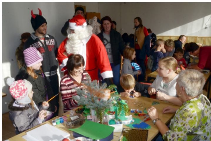
A Civil Házban is Mikulás várta a belépőket

A Civil Ház munkatársai december 3-án, szombaton délelőtt ünnepváró játszótérre várták a gyerekeket. A belépőket a ház udvarán Mikulás várta, aki egy dalt vagy verset kért tőlük, majd nyújtotta az ajándékot. A szaloncukor mellett almát is kaptak. Bent kézműves alkotó foglalkozás és vendéglátás várt mindenkit. A segítő hölgyektől megtudtuk, hogy a fiatalok családjukkal együtt öt asztalnál készíthettek különböző karácsonnyal, téllel és mikulással kapcsolatos díszeket, használati tárgyakat. Láthatóan mindegyik feladatot és próbát élvezte az ifjúság, ám nagy sikert arattak a Lufibohóc alkotásai is. A tombolat vásárlók között két óriási lufi kreációt sorsoltak
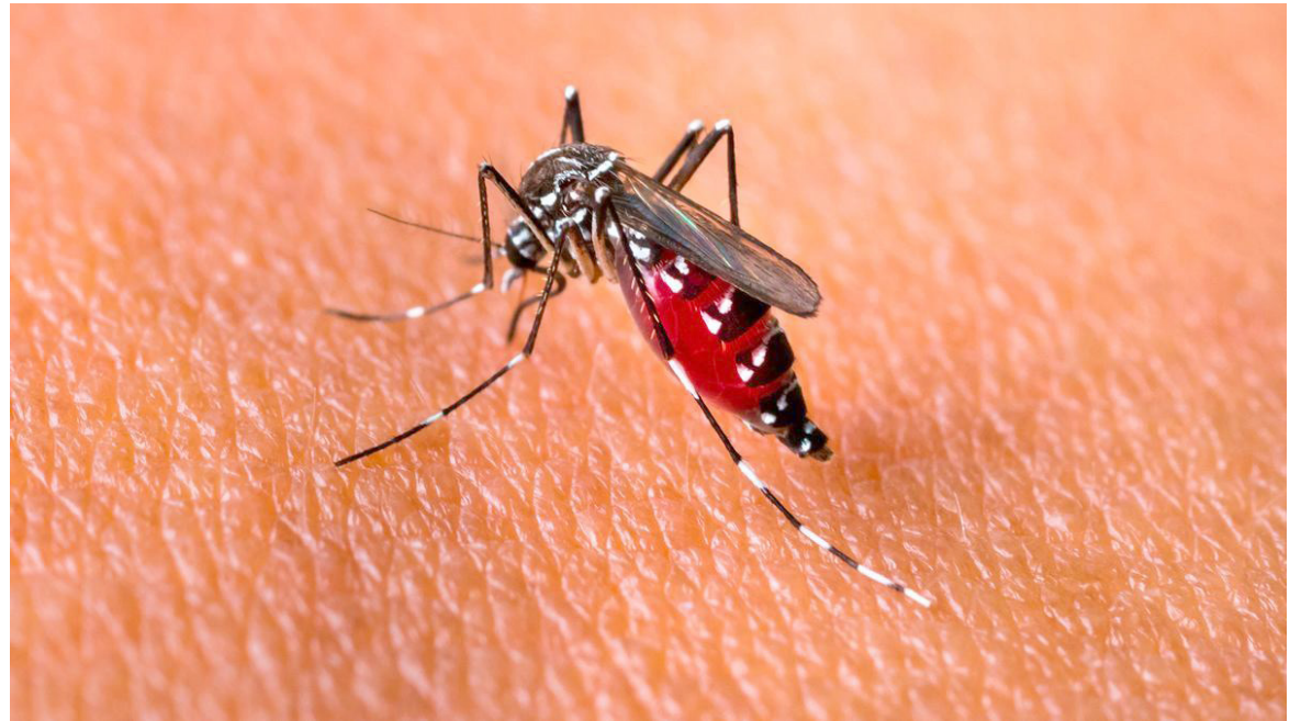
Neiva, Aipe, Palermo y Rivera son los municipios declarados con brote de dengue.

El 77% de los casos de dengue identificados en el Huila que presentaron un nivel considerable de gravedad fueron tratados de manera intrahospitalaria y el 85% de los calificados como graves, recibieron el respectivo tratamiento en unidades de cuidados intensivos de diferentes instituciones de salud.
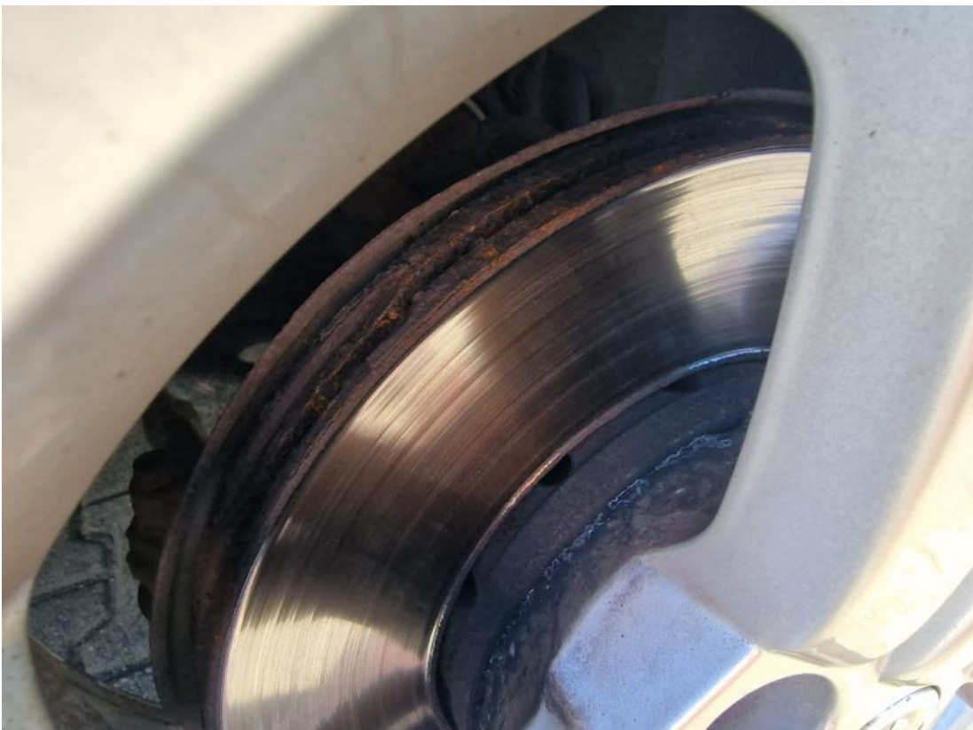
Fot. 30 Tarcza hamulcowa przednia prawa
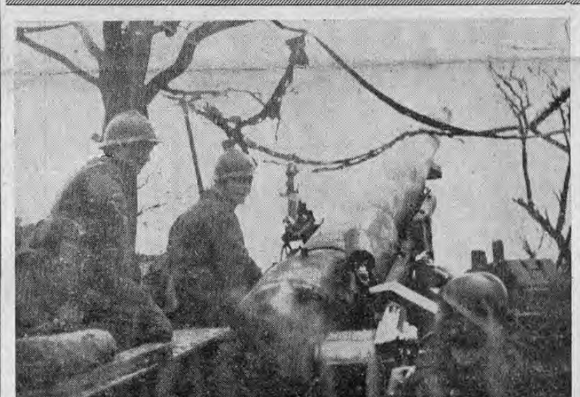
Uno de los más poderosos ejemplares de la artillería francesa es esta pieza de sitio de 320 milímetros emplazada en un lugar del frente y que está lista para empezar a lanzar sus tremendos proyectiles en cuanto reciba la orden del puesto de comando a que pertenece. La pieza está camuflada por medio de un sistema especial que la hace prácticamente invisible para los aviones a playtime.

En forma considerable ha seguido aumentando el movimiento de retiro de cédulas para las elecciones del domingo en la ciudad de San José. Según los datos que sobre el particular recogimos, el retiro de cédulas alcanza hasta ayer el 85 por ciento, advirtiéndose que en estos días han sido mayores las cantidades de cédulas que están retirando los ciudadanos. Los datos respectivos son los siguientes: del total de 16.483 cédulas de la ciudad de San José han sido retiradas hasta ayer 11.137 cédulas, o sea el 85 por ciento del total de las inscritas. Quedan por retirarse 5.346 cédulas. Calculase que en estos días, viernes, sábado y domingo, que es el día de la elección, se retiren como promedio diario noventa y siete cédulas. En consecuencia, retirándose en (FASA a la Pág. 4. Col. 1)
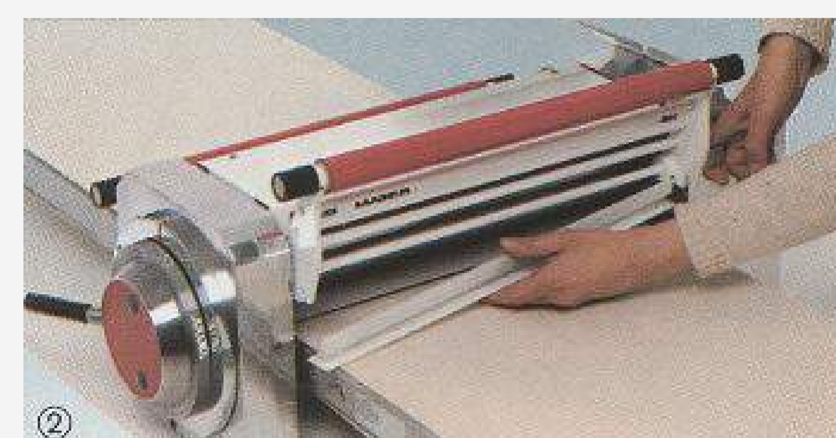
Figure 2: Juwel 5005 M/K
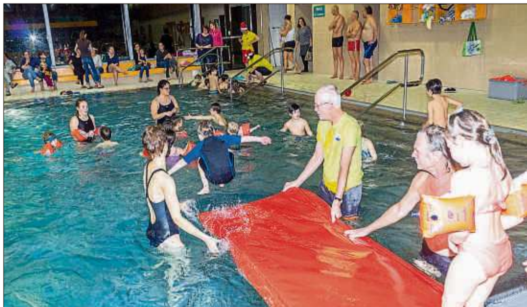
Am letzten Trainingstag vor der Weihnachtspause vergnügten sich die aktiven Kinder der DLRG-Ortsgruppe Schlüchtern mit Spielen im Bergwinkelbad.

Bevor die Kinder sich dann auf den Heimweg begaben, erhielten sie alle aus der Hand des Nikolaus beim Verlassen des Bergwinkelbades eine kleine Überraschung.

..............................

§ **GOAL OF THE EXERCISE**
Going from the line that holds "Figure 2: Juwel 5005 M/K" to the end of the listing above, copy each line exactly and nothing more, leaving pictures aside.

§ **ANSWER SPACE**
Figure 2: Juwel 5005 M/K
Am letzten Trainingstag vor der Weihnachtspause vergnügten sich die aktiven Kinder der DLRG-Ortsgruppe Schlüchtern mit Spielen im Bergwinkelbad.

Bevor die Kinder sich dann auf den Heimweg begaben, erhielten sie alle aus der Hand des Nikolaus beim Verlassen des Bergwinkelbades eine kleine Überraschung.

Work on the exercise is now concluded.